Please help me install the skill `midos-memory-cascade` from SkillHub official store. npx skills add msruruguay/midos-memory-cascade

MidOS Memory Cascade

A self-tuning, auto-escalating search engine that tries each memory tier from fastest to slowest, stopping as soon as it finds a high-confidence answer.

What It Does

Instead of the agent deciding which storage layer to query, the cascade tries each tier automatically:

Tier Storage Latency Strategy
T0 In-memory session cache <1ms Exact + fuzzy key match
T1 JSON state files <5ms Filename + key match
T2 SQLite (pipeline_synergy.db) <5ms Structured SQL LIKE
T3 SQLite FTS5 <1ms Full-text keyword on 22K rows
T4 Grep over 46K chunks ~3s Brute-force ripgrep fallback
T5 LanceDB keyword (BM25) slow 670K vector rows, no embeddings
T5b LanceDB semantic 3–30s Embedding similarity, last resort

Question routing: Queries starting with how/what/why/etc. skip keyword tiers and route directly to semantic search.

Self-learning: The cascade records which tier resolves each query.
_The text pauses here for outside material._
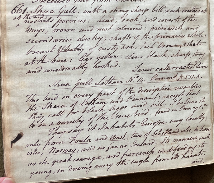 Charles Willson Peale (1741-1827) wrote, in his 24th Lecture (ca. 1799): "No. 661. Skua gull. with a strong sharp bill, much crooked at the end; nostrils pervius; head, back, and coverts of the wings, brown and rust coloured; primaries and secondaries dusky; shafts of the primaries white; breast & belly of rusty ash; tail brown, white at the base; legs yellow; claws black, sharp, strong and considerably hooked. Larus cararractus? Linn. Skua gull Latham No. 14. Pennant p. 531 A. This bird in every part of the description resembles the Skua of Latham and Pennant; except that they call for black legs and bill. I believe it to be a variety of the same bird, found in Pennsyla. They say it Inhabits Europe very locally; only from Foula and Unst, two of Schetland isles, to Ferroe isles, Norway, and as far as Iceland." (Academy of Natural Sciences of Drexel University Archives, coll. 40)

After enough history, evolve() learns shortcuts (skip directly to the winning tier) and marks consistently-empty tiers for skip.

Usage

Python API

from tools.memory.memory_cascade import recall, store

# Search across all tiers
result = recall("adaptive alpha reranking")
# → {"answer": {...}, "tier": "T5:lancedb", "latency_ms": 340, "confidence": 0.87}

# Write to the right storage automatically
store("pattern", content="...", tags=["ml", "reranking"])

CLI

# Search
python memory_cascade.py recall "query here"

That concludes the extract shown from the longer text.